▸ Directions for this task: Each line below from the "[100 PERSEN ORI]Glad2Glow" line through the "Genießen Sie diese" line, those two included, must be restated word for word; the pictures must not be.

▸ Data records:
******************************

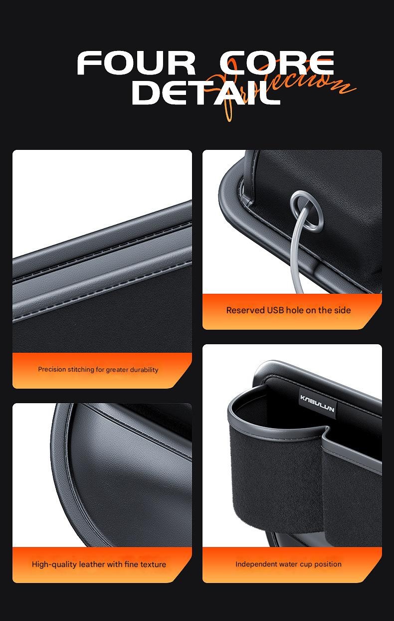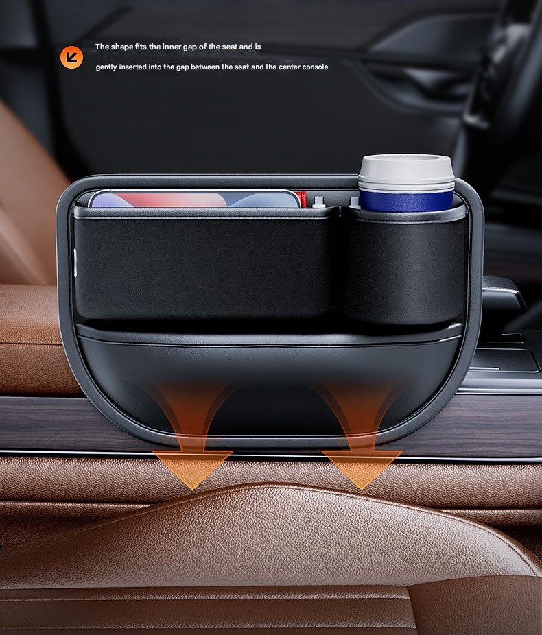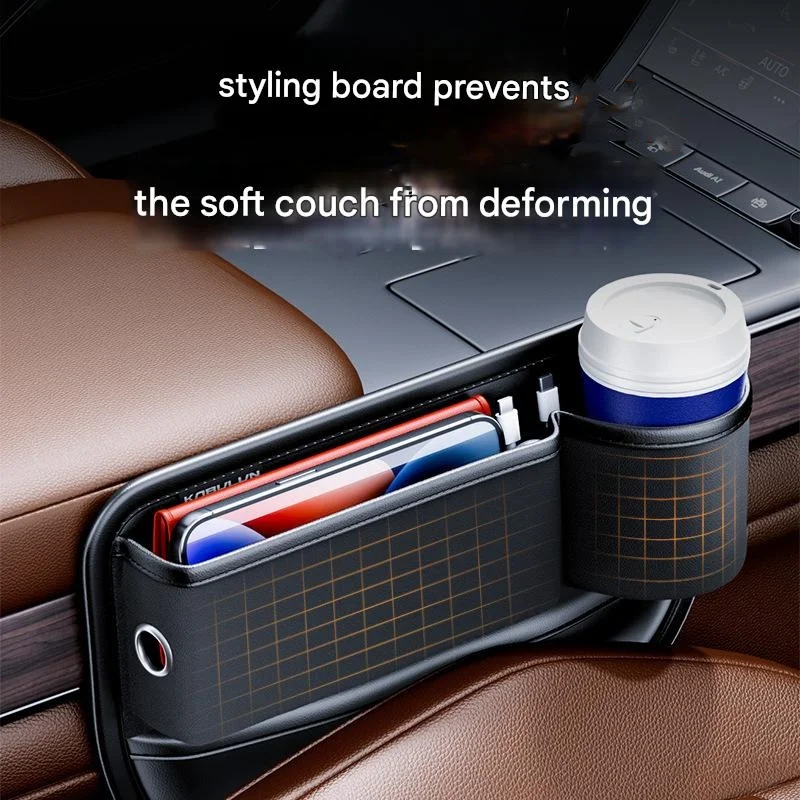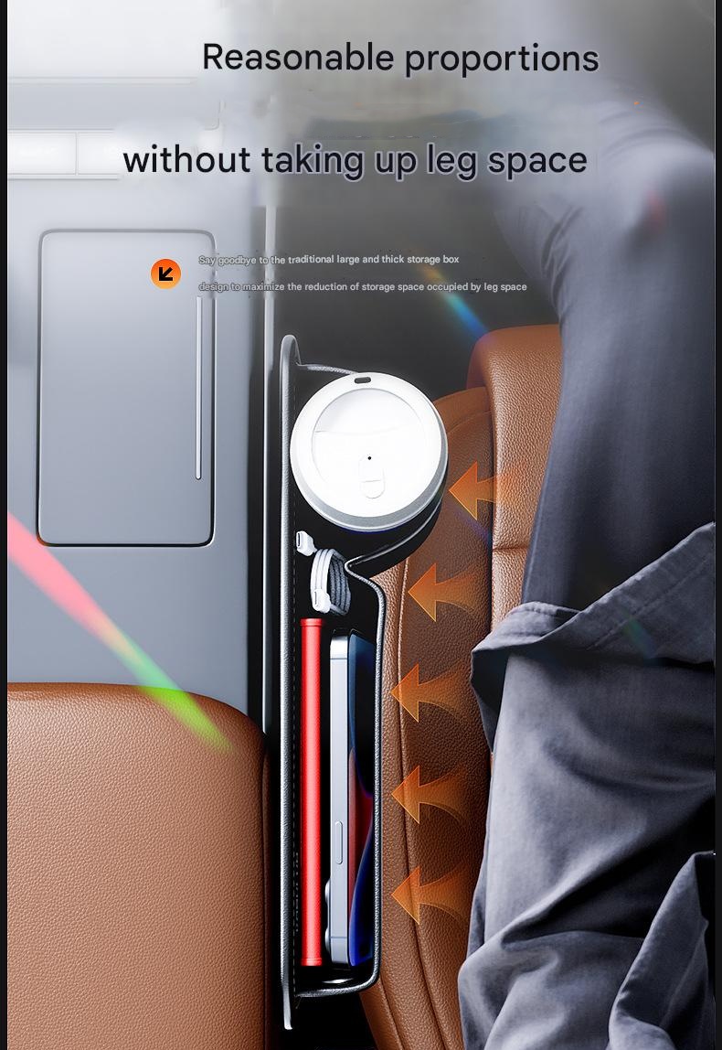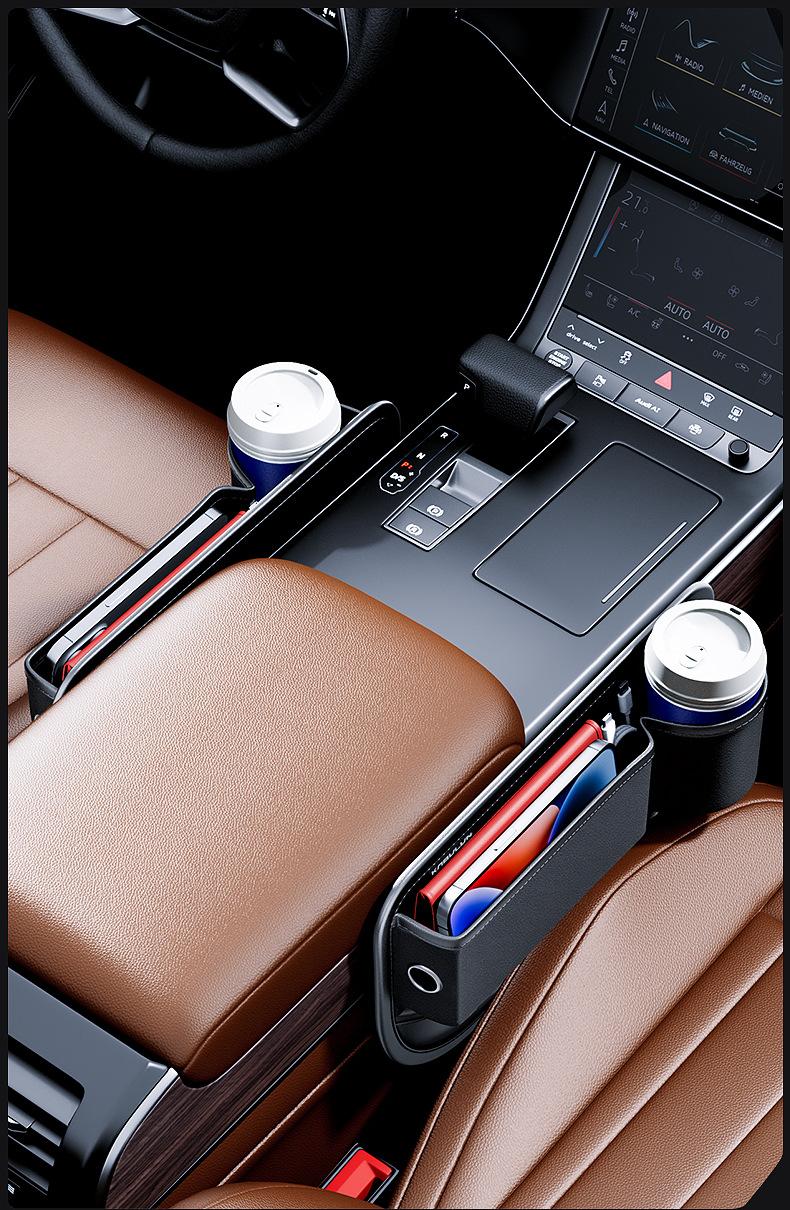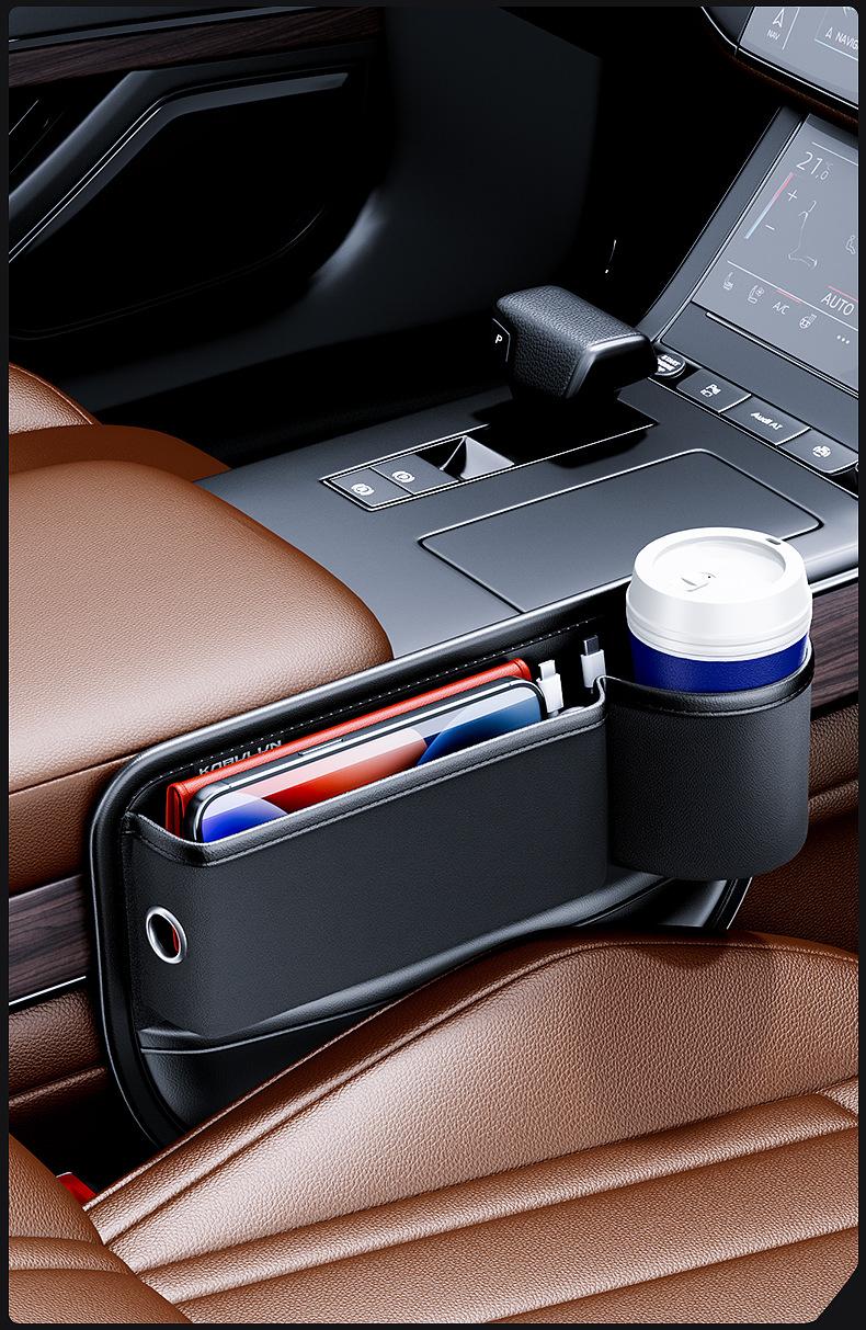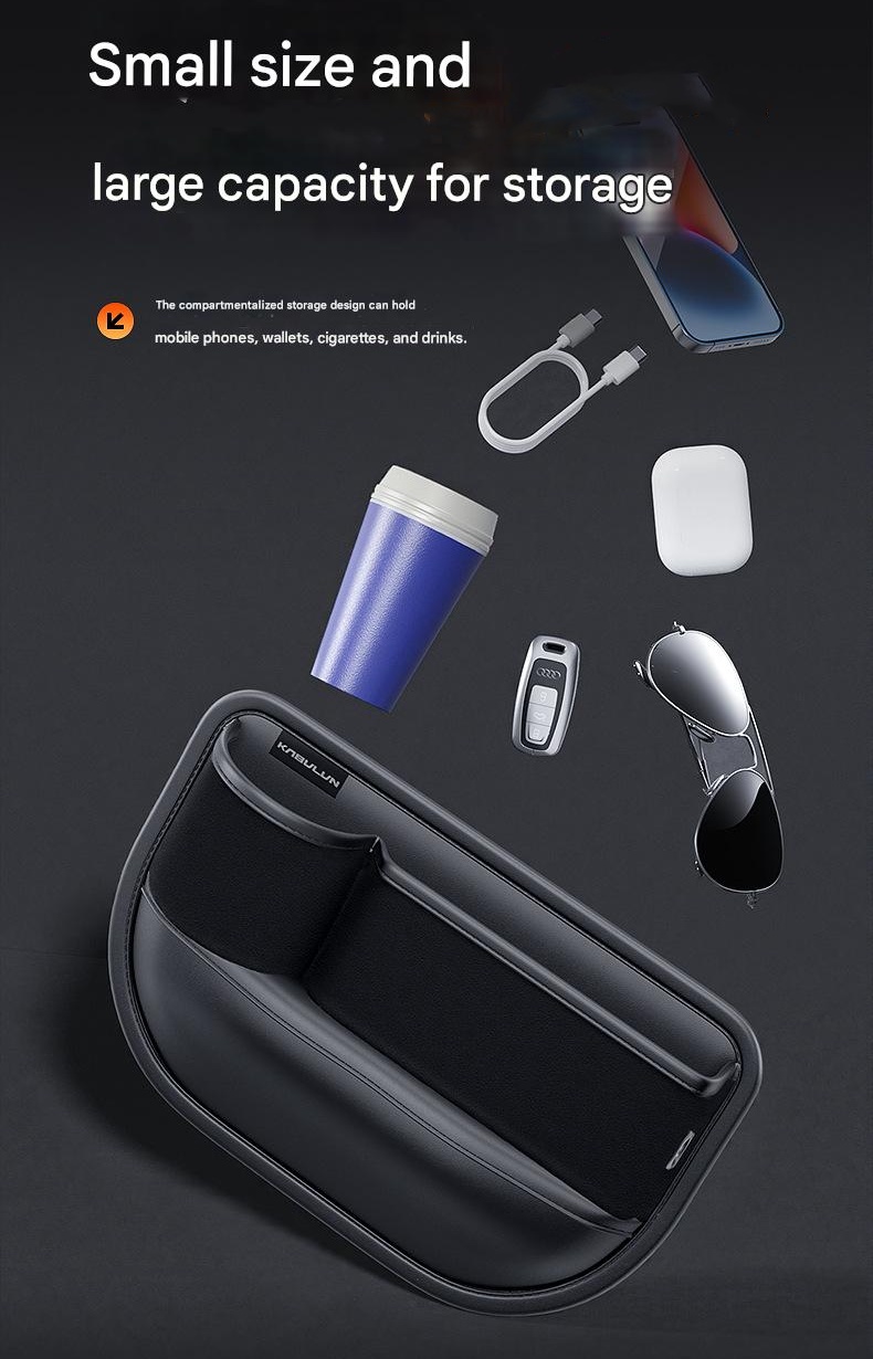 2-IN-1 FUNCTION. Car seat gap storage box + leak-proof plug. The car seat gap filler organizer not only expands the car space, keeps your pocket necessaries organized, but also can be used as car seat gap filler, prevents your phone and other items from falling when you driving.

******************************

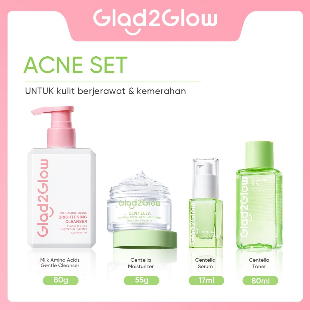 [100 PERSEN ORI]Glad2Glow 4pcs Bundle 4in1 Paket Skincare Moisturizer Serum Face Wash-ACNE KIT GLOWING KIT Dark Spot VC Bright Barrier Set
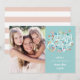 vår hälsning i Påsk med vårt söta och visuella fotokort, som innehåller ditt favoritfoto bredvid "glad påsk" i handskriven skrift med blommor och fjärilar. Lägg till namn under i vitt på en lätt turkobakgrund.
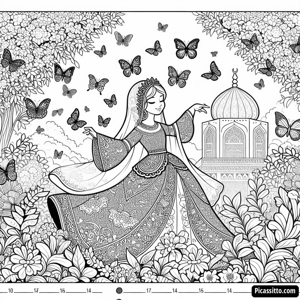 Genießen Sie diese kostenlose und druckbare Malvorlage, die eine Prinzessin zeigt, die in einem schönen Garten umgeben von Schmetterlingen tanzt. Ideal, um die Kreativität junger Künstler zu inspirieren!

******************************

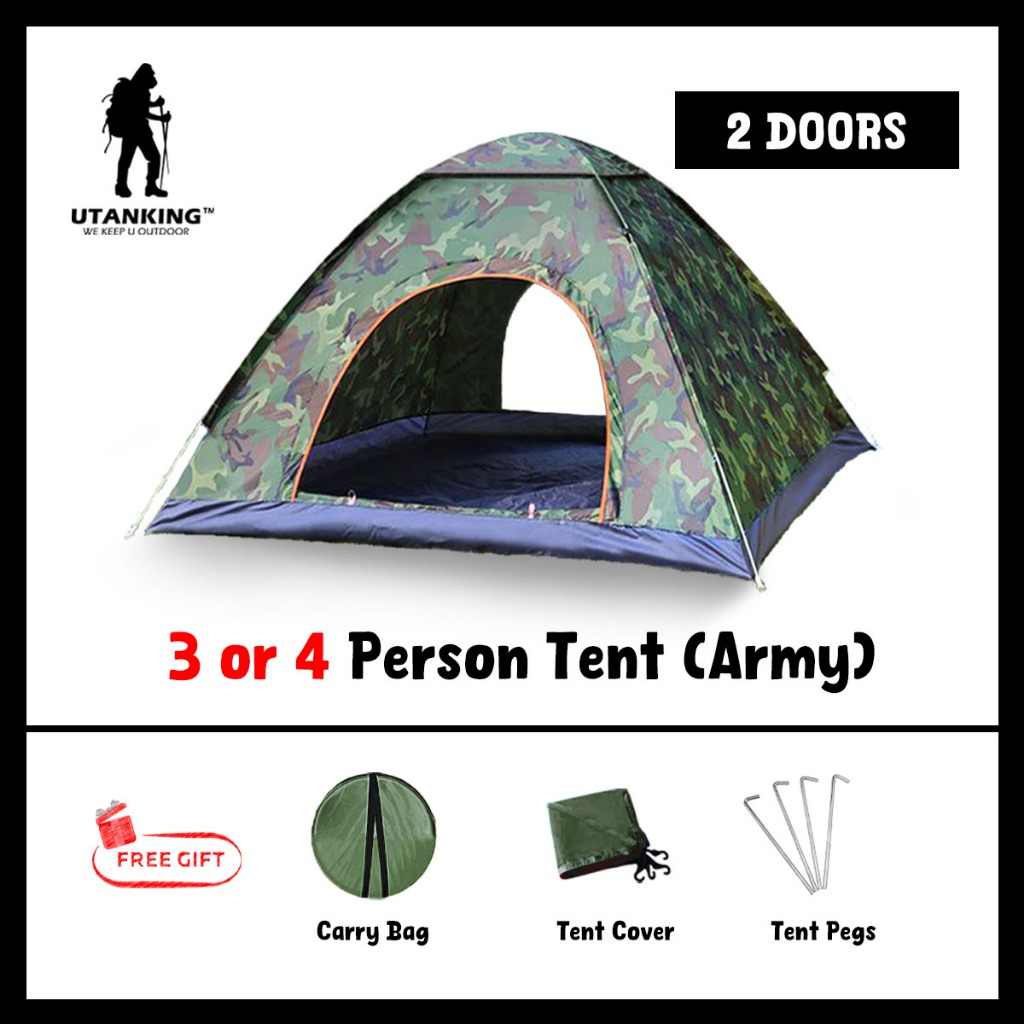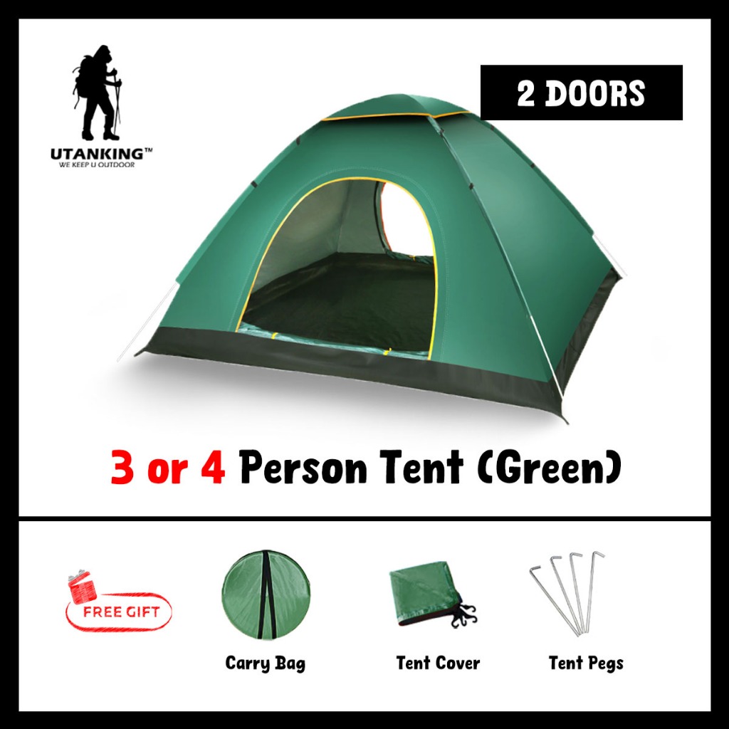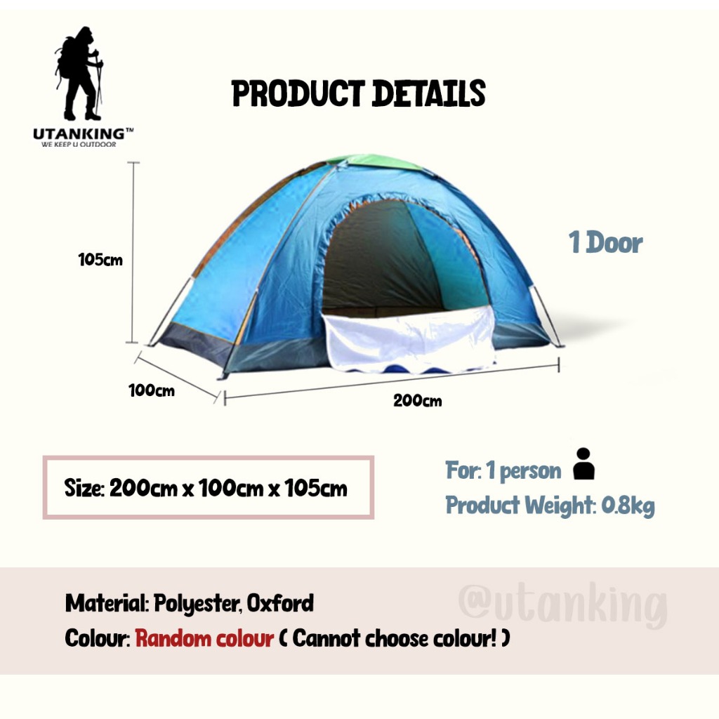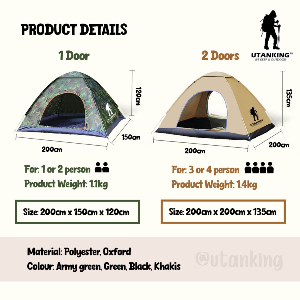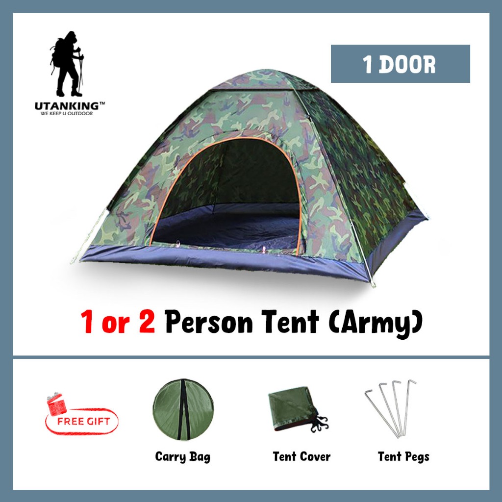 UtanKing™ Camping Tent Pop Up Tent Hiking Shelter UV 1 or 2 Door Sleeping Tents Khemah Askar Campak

******************************

▸ Result below:
 [100 PERSEN ORI]Glad2Glow 4pcs Bundle 4in1 Paket Skincare Moisturizer Serum Face Wash-ACNE KIT GLOWING KIT Dark Spot VC Bright Barrier Set
 vår hälsning i Påsk med vårt söta och visuella fotokort, som innehåller ditt favoritfoto bredvid "glad påsk" i handskriven skrift med blommor och fjärilar. Lägg till namn under i vitt på en lätt turkobakgrund.
 Genießen Sie diese kostenlose und druckbare Malvorlage, die eine Prinzessin zeigt, die in einem schönen Garten umgeben von Schmetterlingen tanzt. Ideal, um die Kreativität junger Künstler zu inspirieren!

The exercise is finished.